Una de las claves de la literatura

 



“Dios sabe si hay Dulcinea o no en el mundo, o si es fantástica o no es fantástica; y éstas no son de las cosas cuya averiguación se ha de llevar hasta el cabo” (Quijote, II, 32). En esta respuesta que don Quijote da a la Duquesa no está sólo una de las claves de la grandísima novela de Cervantes, sino más aún de toda la literatura, pues nos revela que no importa que lo contado sea real o ficticio, innegable en la auténtica experiencia que tenemos del mundo o engañoso siguiendo el vuelo alado de la imaginación. Los relatos, tanto orales como escritos, están llenos de referencias reales y de invenciones concebidas por la propia capacidad de nuestra mente creativa. Posiblemente, en los primeros relatos de los homínidos alrededor de la lumbre, se mezclaba la experiencia cotidiana con fragmentos inventados para lograr que lo contado fuera más atractivo, misterioso o fascinante. Lo mismo ocurre con las historias que se siguen contando bajo el cielo estrellado del desierto o se leen en el interior de las bibliotecas o las jaimas.
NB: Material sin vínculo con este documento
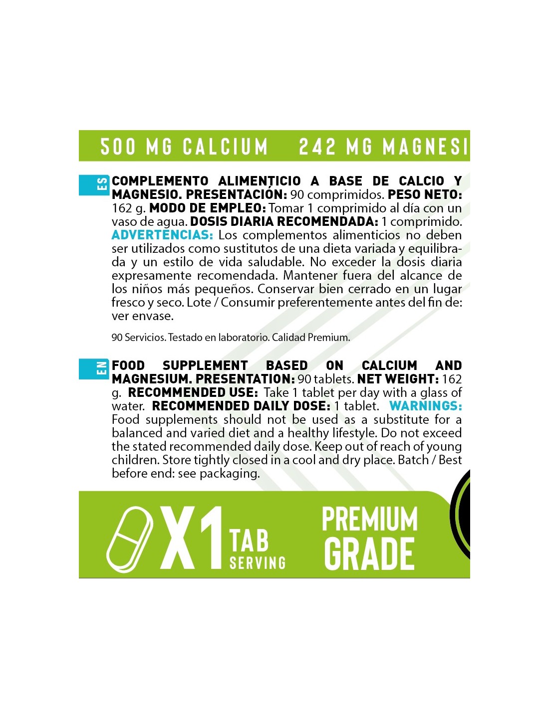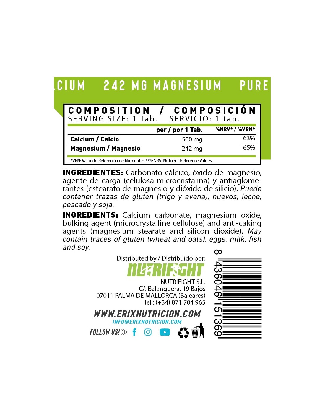 Ingredientes: Carbonato cálcico, óxido de magnesio, agente de carga (celulosa microcristalina) y antiaglomerantes (estearato de magnesio y dióxido de silicio). Puede contener trazas de gluten (trigo y avena), huevos, leche, pescado y soja Advertencias: Los complementos alimenticios no deben ser utilizados como sustitutos de una dieta variada y equilibrada y un estilo de vida saludable. No exceder la dosis diaria expresamente recomendada. Mantener fuera del alcance de los niños más pequeños. Conservar bien cerrado en un lugar fresco y seco

Por tanto, lo de menos es -como bien dice don Quijote- que nos detengamos a averiguar la cualidad auténtica o fantástica de lo que contamos, sino que sea la propia verosimilitud de lo narrado dentro de la propia historia, lo que verdaderamente “cuente” en el ánimo atento del escuchante o lector.

(Publicado en el Boletín Sáhara Bubisher en agosto de 2024)

 

 

miércoles, 31 de julio de 2024

Juego de manos

 


 


Seguiré revoloteando por las bibliotecas y mi sombra será siempre de luz. No os preocupéis.
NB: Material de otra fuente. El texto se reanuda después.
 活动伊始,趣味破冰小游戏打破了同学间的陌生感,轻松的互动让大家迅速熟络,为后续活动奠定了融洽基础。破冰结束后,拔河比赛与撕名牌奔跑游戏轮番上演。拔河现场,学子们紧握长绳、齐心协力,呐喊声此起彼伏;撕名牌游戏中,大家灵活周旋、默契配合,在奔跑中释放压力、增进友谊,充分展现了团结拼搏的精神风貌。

Bien pudiera haberme puesto uno de aquellos disfraces con los que pretendía asustar el viejo fantasma de Canterville, el de Rubén el Rojo o el niño estrangulado, el de Gibeón el Flaco o el vampiro del páramo de Bexley, el de Ruperto el Temerario o el conde sin cabeza, por nombrar sólo algunos, o incluso haber jugado a los bolos con mis propios huesos sobre la arena del desierto, pero carezco del entusiasmo ególatra del verdadero artista, de manera que mi amarga sonrisa apenas me sirve para desempeñar el papel de mí mismo.

Así, no encontrando en mis recuerdos el espacio ni el tiempo para situar lo que me está pasando, decidí vagar por las bibliotecas del mundo para buscar en los libros la razón de la sinrazón en la que me encuentro. Sobre las cualidades de mi extraña condición aprendí de esa multitud de seres fantásticos que habitan todas las mitologías del mundo, de la cantidad de genios, guls, hechiceros y magos que desfilan por los maravillosos cuentos de las Mil y una noches, del trágico y vengativo fantasma del rey Hamlet, de los relatos sobrenaturales de Maupassant, Lovecraft o Poe, de las dobles personalidades de Stevenson, de los cuentos para todos los públicos de Andersen y los hermanos Grimm, de las famosas vueltas de tuerca de Henry James, de las narraciones japonesas de Lafcadio Hearn, de los fantasmas navideños que se le aparecen al viejo Scrooge, incluso del encantamiento de Don Quijote en la Cueva de Montesinos o de las leyendas románticas de Bécquer, por citar sólo algunos de los más destacados del panorama literario.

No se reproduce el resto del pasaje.